===== Excerpted records

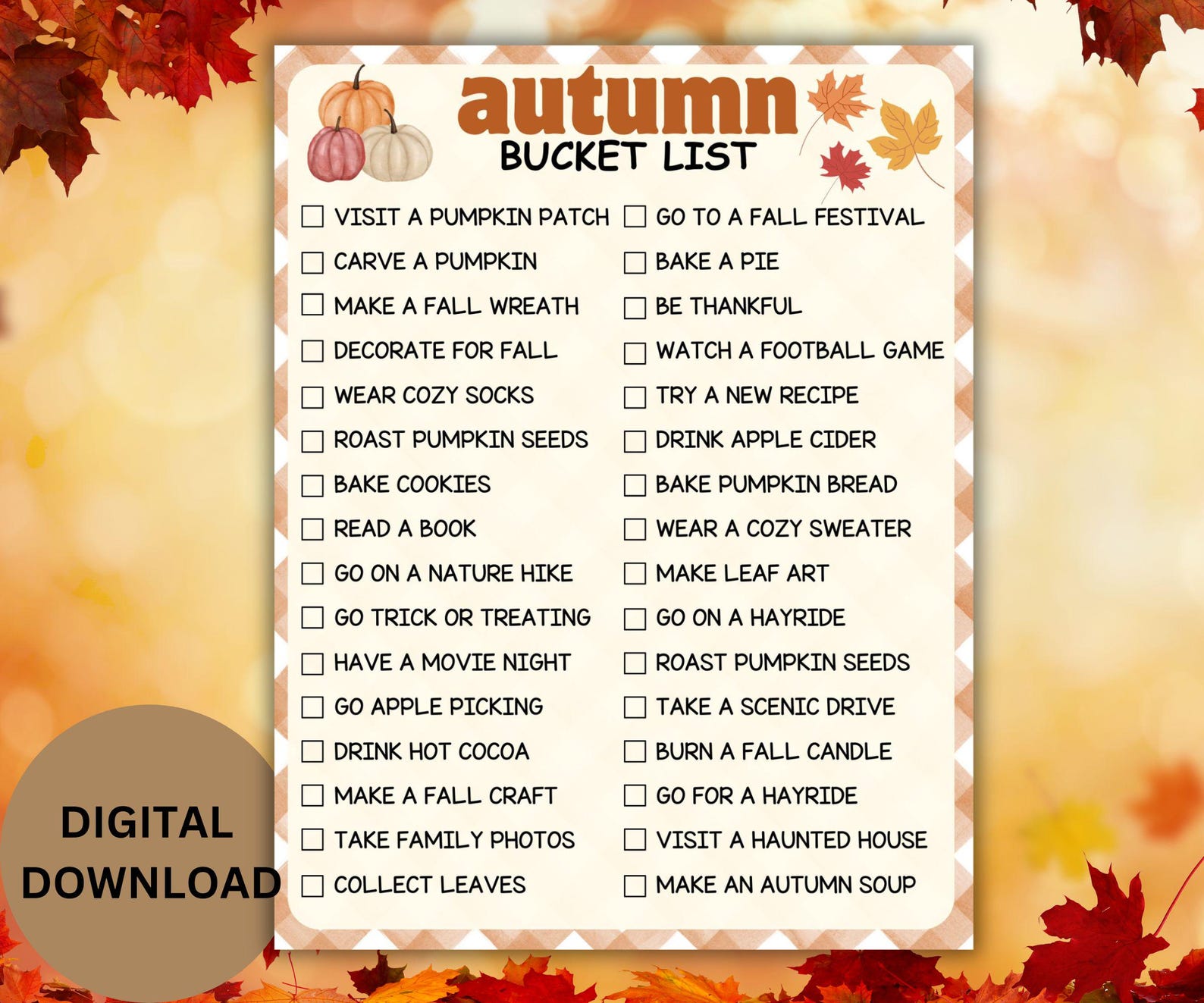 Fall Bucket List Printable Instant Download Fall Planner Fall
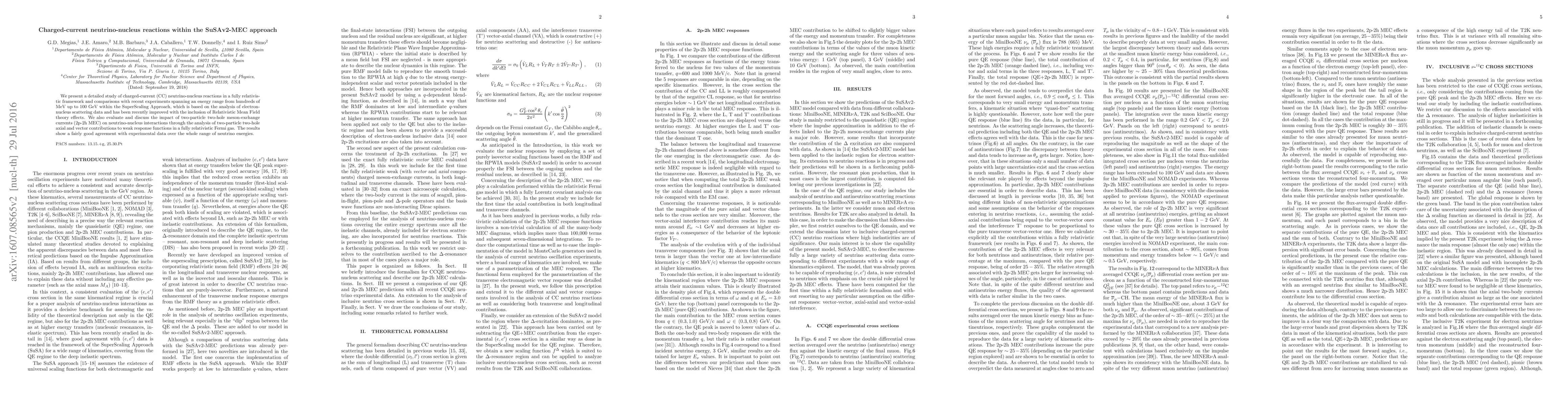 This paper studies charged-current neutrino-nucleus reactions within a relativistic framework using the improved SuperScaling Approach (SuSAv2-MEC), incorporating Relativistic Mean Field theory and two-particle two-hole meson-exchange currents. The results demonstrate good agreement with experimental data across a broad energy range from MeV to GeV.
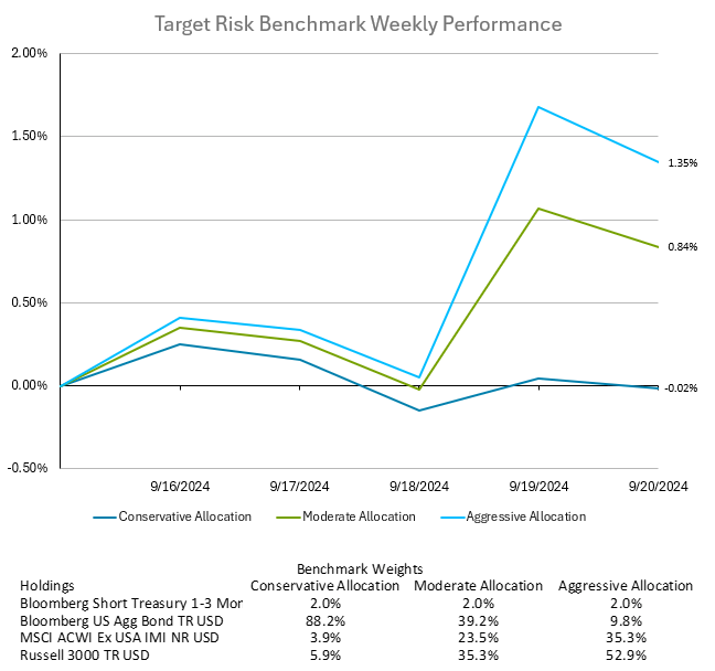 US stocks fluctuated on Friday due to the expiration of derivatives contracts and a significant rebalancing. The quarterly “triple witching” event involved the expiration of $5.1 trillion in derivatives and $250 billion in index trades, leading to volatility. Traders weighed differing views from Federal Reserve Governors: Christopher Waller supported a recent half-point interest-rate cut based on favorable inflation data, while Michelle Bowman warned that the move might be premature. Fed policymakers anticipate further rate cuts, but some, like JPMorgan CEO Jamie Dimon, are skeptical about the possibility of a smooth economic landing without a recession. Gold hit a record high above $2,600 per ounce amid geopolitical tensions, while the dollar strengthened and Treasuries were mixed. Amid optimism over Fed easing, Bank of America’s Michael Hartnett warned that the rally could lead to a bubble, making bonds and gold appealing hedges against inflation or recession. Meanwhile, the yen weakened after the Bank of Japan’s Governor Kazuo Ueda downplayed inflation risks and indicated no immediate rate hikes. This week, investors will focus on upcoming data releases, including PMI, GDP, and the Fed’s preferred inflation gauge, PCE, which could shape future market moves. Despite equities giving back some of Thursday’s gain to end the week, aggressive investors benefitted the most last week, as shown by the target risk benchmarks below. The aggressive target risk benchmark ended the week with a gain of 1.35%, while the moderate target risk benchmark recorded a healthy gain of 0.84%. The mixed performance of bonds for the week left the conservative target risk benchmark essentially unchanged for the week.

==========
===== Excerpted records

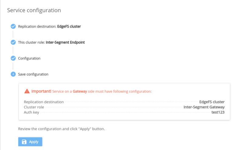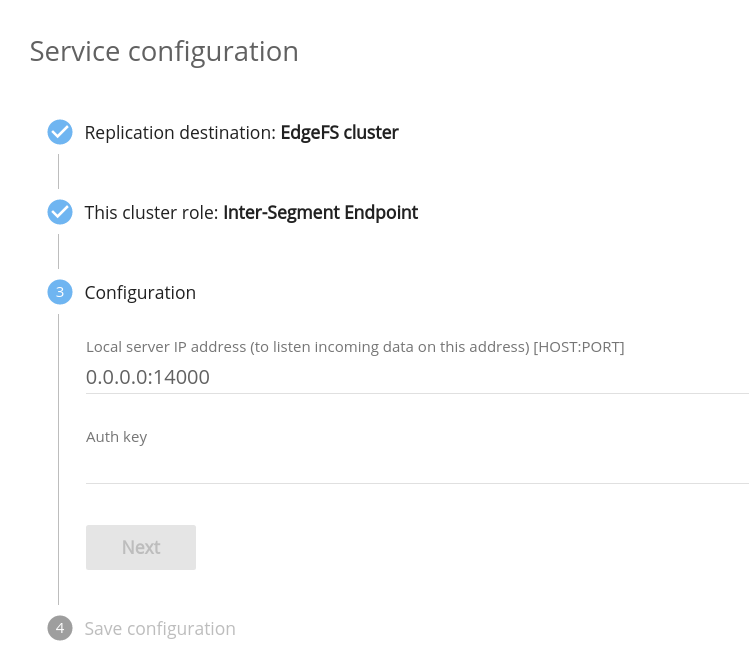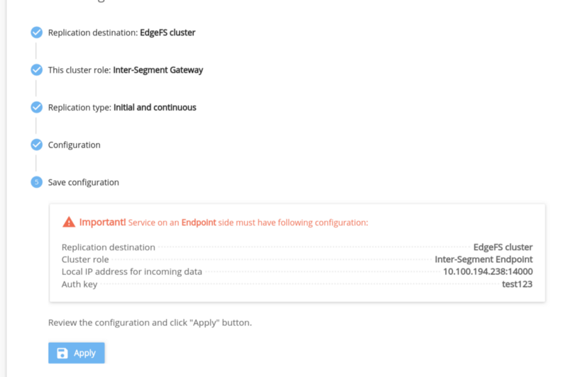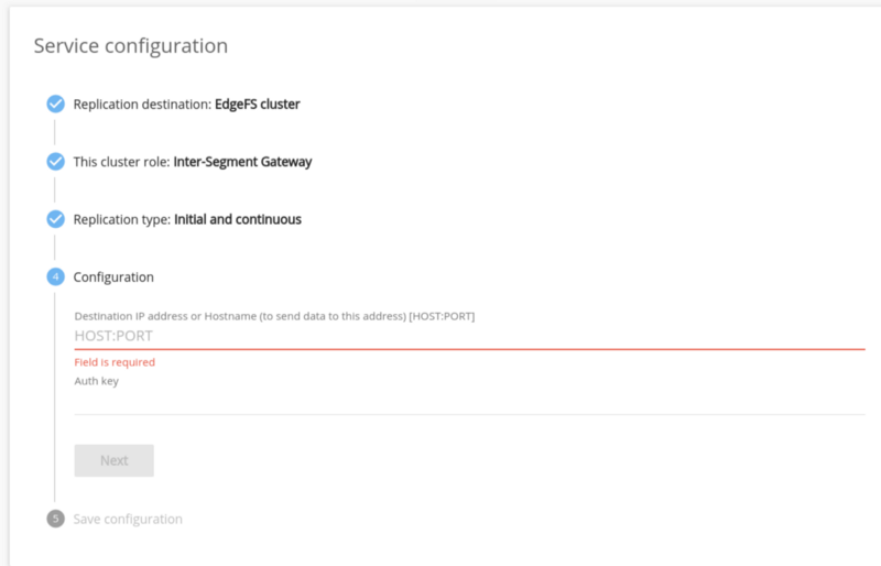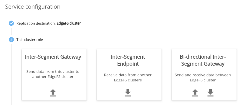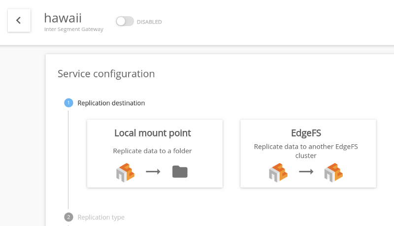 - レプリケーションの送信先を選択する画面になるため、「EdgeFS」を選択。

==========
===== Excerpted records

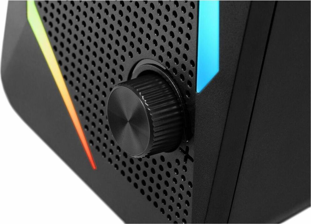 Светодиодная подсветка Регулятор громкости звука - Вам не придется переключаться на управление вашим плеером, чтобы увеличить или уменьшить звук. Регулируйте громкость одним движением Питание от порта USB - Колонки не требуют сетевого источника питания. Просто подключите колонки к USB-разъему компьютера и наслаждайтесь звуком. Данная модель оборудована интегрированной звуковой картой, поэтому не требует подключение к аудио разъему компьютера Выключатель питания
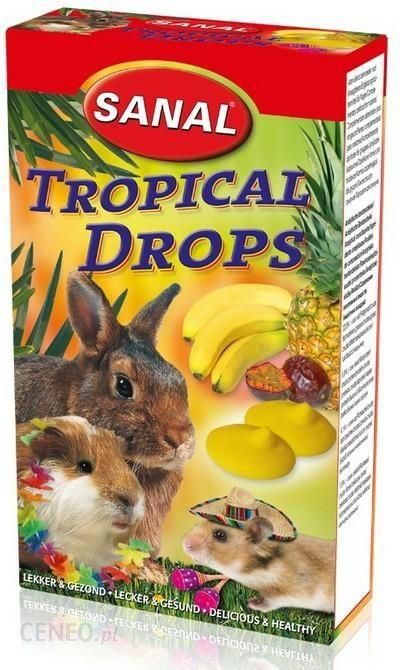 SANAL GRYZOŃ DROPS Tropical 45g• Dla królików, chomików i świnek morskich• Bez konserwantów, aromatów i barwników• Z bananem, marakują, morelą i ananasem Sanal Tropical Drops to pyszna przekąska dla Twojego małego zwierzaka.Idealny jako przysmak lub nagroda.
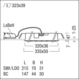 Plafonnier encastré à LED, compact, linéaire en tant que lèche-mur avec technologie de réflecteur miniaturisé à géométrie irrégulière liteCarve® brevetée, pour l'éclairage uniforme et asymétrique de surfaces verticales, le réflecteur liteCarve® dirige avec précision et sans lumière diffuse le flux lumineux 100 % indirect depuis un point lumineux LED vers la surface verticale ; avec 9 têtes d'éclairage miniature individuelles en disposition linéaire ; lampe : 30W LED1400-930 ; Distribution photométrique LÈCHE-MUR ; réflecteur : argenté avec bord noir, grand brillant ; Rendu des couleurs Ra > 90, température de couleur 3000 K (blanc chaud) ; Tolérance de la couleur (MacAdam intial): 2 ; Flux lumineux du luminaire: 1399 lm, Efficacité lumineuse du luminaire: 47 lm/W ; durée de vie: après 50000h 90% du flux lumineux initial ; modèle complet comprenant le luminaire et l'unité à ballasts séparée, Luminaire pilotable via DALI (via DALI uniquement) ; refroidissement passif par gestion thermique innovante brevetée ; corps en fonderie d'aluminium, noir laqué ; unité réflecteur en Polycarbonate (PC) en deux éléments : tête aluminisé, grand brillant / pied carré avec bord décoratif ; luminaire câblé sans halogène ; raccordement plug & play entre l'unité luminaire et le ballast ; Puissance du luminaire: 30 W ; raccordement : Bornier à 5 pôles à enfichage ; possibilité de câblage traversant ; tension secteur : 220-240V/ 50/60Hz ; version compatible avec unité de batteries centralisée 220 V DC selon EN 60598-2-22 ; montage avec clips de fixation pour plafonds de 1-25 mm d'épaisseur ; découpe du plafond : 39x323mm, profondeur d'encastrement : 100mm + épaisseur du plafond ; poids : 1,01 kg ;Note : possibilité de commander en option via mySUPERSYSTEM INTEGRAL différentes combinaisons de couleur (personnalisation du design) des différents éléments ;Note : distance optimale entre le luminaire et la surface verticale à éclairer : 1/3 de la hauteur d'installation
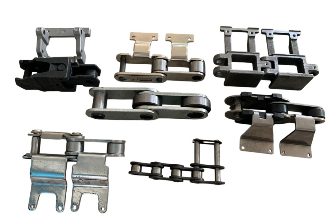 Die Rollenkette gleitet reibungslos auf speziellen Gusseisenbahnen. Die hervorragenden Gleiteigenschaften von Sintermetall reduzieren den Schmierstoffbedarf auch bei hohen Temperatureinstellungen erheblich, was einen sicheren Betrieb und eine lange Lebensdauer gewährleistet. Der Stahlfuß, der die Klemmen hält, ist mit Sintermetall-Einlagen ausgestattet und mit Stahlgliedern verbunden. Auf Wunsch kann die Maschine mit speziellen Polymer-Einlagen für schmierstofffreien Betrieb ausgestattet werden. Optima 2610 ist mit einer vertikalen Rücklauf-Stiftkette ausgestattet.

==========

What to do: Look above for the line with "Fall Bucket List"; quote it and every line after it, stopping after the line with "This paper studies", exactly, with nothing added and without pictures.

Output:
 Fall Bucket List Printable Instant Download Fall Planner Fall
 This paper studies charged-current neutrino-nucleus reactions within a relativistic framework using the improved SuperScaling Approach (SuSAv2-MEC), incorporating Relativistic Mean Field theory and two-particle two-hole meson-exchange currents. The results demonstrate good agreement with experimental data across a broad energy range from MeV to GeV.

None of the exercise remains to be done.